The municipality's arms might in English heraldic language be described thus: Vert an image of the sculpture of a lion, the head turned to sinister and a ram's head between his forepaws, all Or, the chief countercompony gules and argent.

The chief is a reference to the villages’ former allegiance to the “Hinder” County of Sponheim, which bore arms chequy gules and argent. Böschweiler, Burbach and Heupweiler were in the Sponheim Oberamt of Birkenfeld. The field tincture, vert (green), stands for the agriculture in the municipality. The charge on the green field refers to two such sandstone sculptures unearthed within the municipality's limits on the “Beel”.

The arms have been borne since 1965.

===Town partnerships===
Niederhambach fosters partnerships with the following places:
- Bulgnéville, Vosges, France, a commune in Lorraine

==Culture and sightseeing==

===Buildings===
The following are listed buildings or sites in Rhineland-Palatinate’s Directory of Cultural Monuments:

====Böschweiler====
- Am Kissel 3 – so-called “Kloster” (“Monastery”); house, window walling possibly from about 1600, roof frame 1725, commercial building less old
- Mühlenweg 1 – so-called Fettigsmühle; Baroque Quereinhaus (a combination residential and commercial house divided for these two purposes down the middle, perpendicularly to the street), about 1800; technical equipment

====Burbach====
- At Hauptstraße 7 – elaborate portal, marked 1767

====Heupweiler====
- At Hochwaldstraße 1 – door lintel with inscription, 18th century
- Hochwaldstraße 8 – former Schneidersfranzenmühle; former gristmill with three-floor mill tower, essentially possibly from the 18th century (timber framing dendrochronologically dated to 1725)

==Economy and infrastructure==

===Transport===
Running east of the municipality is Bundesstraße 41, which towards the south leads to the Autobahn A 62 (Kaiserslautern–Trier). Serving nearby Kronweiler is a railway station on the Nahe Valley Railway (Bingen–Saarbrücken).

===Economy===
In recent years there has been a considerable shift in the municipality’s economic structure. Many agricultural businesses have simply been forsaken because they did not have the financial wherewithal to modernize and expand. Furthermore, agriculture is not attracting much new blood.
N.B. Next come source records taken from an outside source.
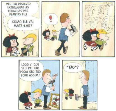 Na tirinha de Mafalda, o termo “tão”, no 4º balão, exerce a função sintática de
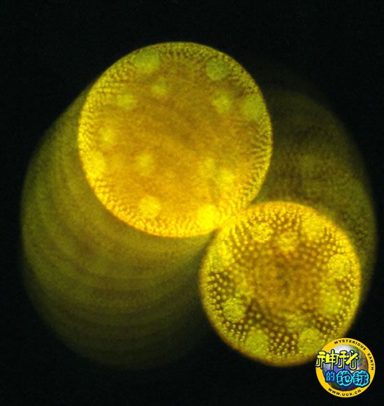 尽管一些团藻细胞是孤独的,而另一些团藻却会组织起来,形成半透明的球形群体,并且在游水的过程中不停地旋转。这些群体由生长在数千单个细胞上的鞭毛掌舵。然而团藻绝非一种仅仅在显微镜下才能够看到的新奇事物——它还是科学家研究多细胞生物如何进化的模型。通过分析藻类群体间的相互作用,研究人员希望能够搞清单个细胞如何实现进化上的飞跃,从而在数亿年前形成多细胞组织。
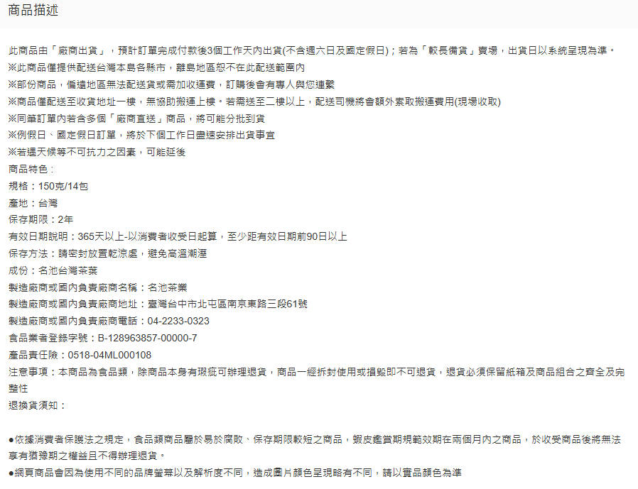 名池茶业 蜜果香甜手采梨山金萱乌龙茶叶(150gx14) 厂商直送
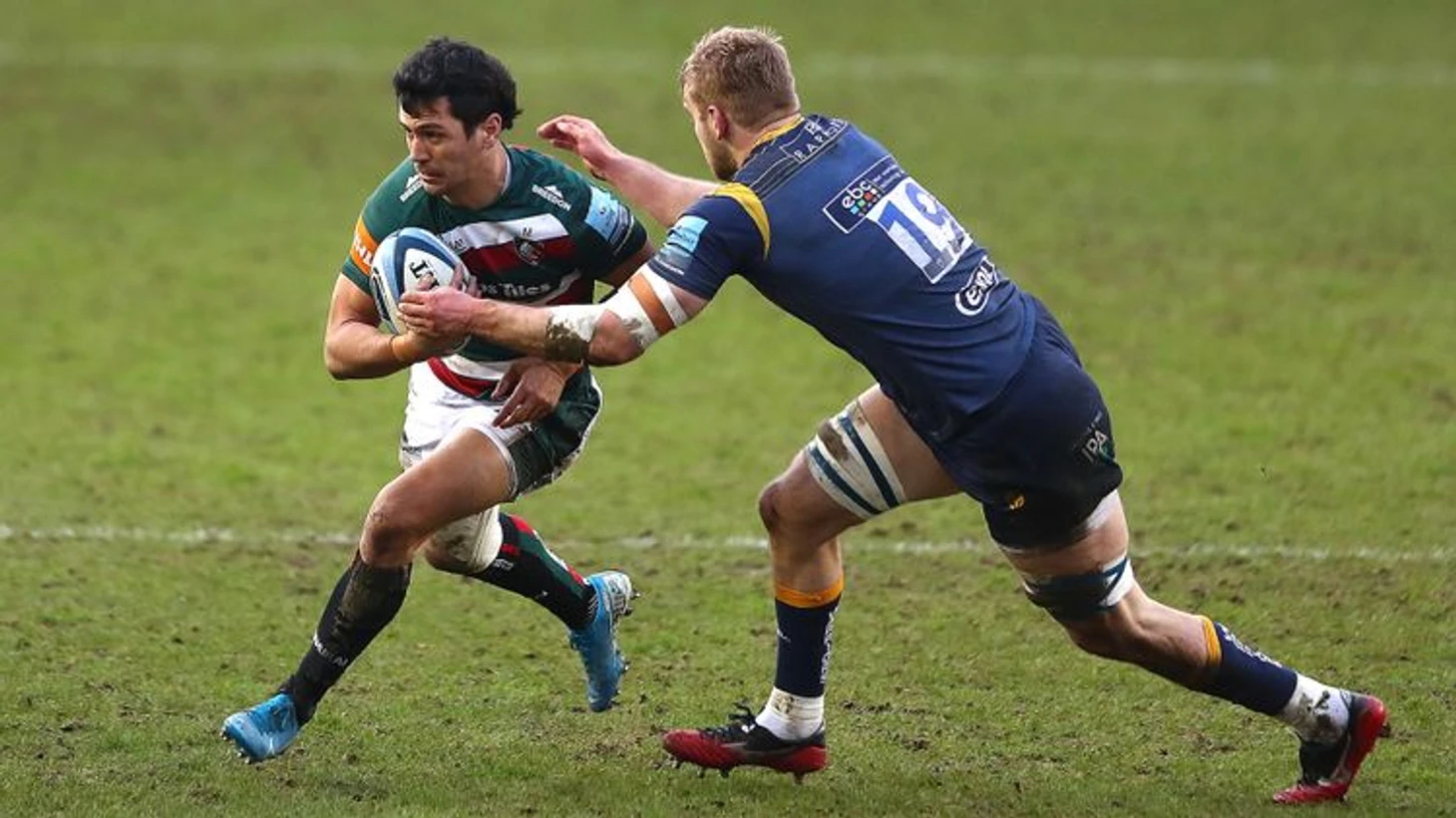 Удивительный матч для Вустер Уорриорз. Команда, как известно не может победить после первого тура в турнире, я не беру в расчёт победы, которые присудили команде в отменённых матчах. А сейчас, на минуточку двадцатый тур завершился. И этот матч мог прервать длительную серию без побед. Регбисты Вустера очень хотели победить, и разумеется были близки к этому. В первом тайме сделали определенный задел даже. Две попытки в исполнении Джэйми Шилкока (15 номер) и капитана Вустера Тэда Хилла (6 номер) в начале и конце тайма принесли 10 очков для команды. А Джейми Шилкок добавил ещё 4 после того, как забил обе реализации. Однако регбисты Лестера смогли тоже набрать очки в первом тайме, воспользовавшись тем, что регбисты Вустер Уорриорз часто нарушали правила. То в схватке нарушат правила, то не откатятся после захвата, то вообще врежутся друг в друга при попытке ловли мяча, как в случае с Перри Хамприса (14 номер) и Олли Лоуренсом (13 номер). Зак Хенри (15 номер) забил два штрафных из трёх. А забей он три штрафных, то команда даже могла бы лидировать в середине первого тайма. Но этого не случилось и Вустер почти весь первый тайм лидировал в счете. Ещё очень удивительно, что в первом тайме не удалили Немани Надоло (11 номер) за слишком агрессивную игру в захватах. И в итоге первая половина матча завершилась со счетом 14-6.

It would seem that few young people nowadays want to become farmers. Most workers today commute to jobs in nearby towns and villages.

===Public institutions===
In Niederhambach, an important part of the community is the fire brigade. The Freiwillige Feuerwehr Niederhambach (“Niederhambach Volunteer Fire Brigade”) was founded in January 1966 out of the compulsory fire brigade that had hitherto existed. The Volunteer Fire Brigade’s thirtieth anniversary was celebrated from 4 to 7 July 1997 in conjunction with the Fire Brigade Day held in the Verbandsgemeinde of Birkenfeld. The fire brigade also has a promotional association, which actively supports the firefighters.

===Education===
Niederhambach schoolchildren attend the Birkenfeld/Niederbrombach Regional School, the Realschule in Idar-Oberstein or the modern-languages Gymnasium in Birkenfeld. The local kindergarten is in Niederbrombach, and offers all-day care.

===Established businesses===
Among the crafts and skilled occupations in Niederhambach are a roofing business, an automotive workshop, a below-ground construction firm, a tile-laying business, a goldsmith's workshop, an automotive parts and repair shop, a game speciality and beekeeping business, an energy system and solar technology business and a health food store.

There are two inns in Niederhambach.

The number of agricultural operations, including those run as secondary businesses, is 5, although there are also 6 hobby farmers.